I was in Budapest last week leading a study tour from my university and while there, a group of us visited the House of Terror (Terror Haza) museum. It was the best history museum I have ever visited (although this fact is not reflected in their website, which still needs work).
The museum itself is housed in the building on Andrassy utca that was the headquarters of the Hungarian Arrow Cross (fascist) movement and then the headquarters of the state secret police during the Stalinist period. It is, of course, quite symbolic that the state secret police would use the same headquarters as the fascists and this gave the entire structure a kind of chilling overlay. When you enter the museum, the first thing you see is a T-54 tank perched in the center of an open atrium. Oil leaks from beneath the tank as though it is damaged and pours down into the basement below, giving the image that the tank is floating on a pool of its own oil. On the wall above it are pictures of victims of the fascist and communist terrors, their faces reflected in the oil pouring out beneath the tank.
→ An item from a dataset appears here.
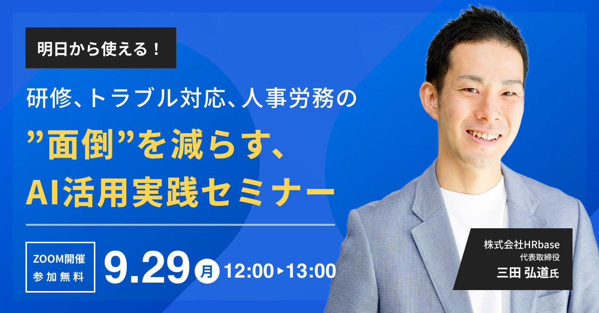 | セミナー名 | 明日から使える!研修、トラブル対応、人事労務の”面倒”を減らす、AI活用実践セミナー |

The museum itself utilizes the latest multi-media techniques–lots of video and audio, sometimes creating clashing voices that overstimulate, other times forcing you to focus on just one screen, one voice. Many of the screens activate their audio only when you are close, others shout at you as you pass through the room. Objects are displayed very well and the museum is high-touch–visitors are encouraged to touch many of the artifacts on display.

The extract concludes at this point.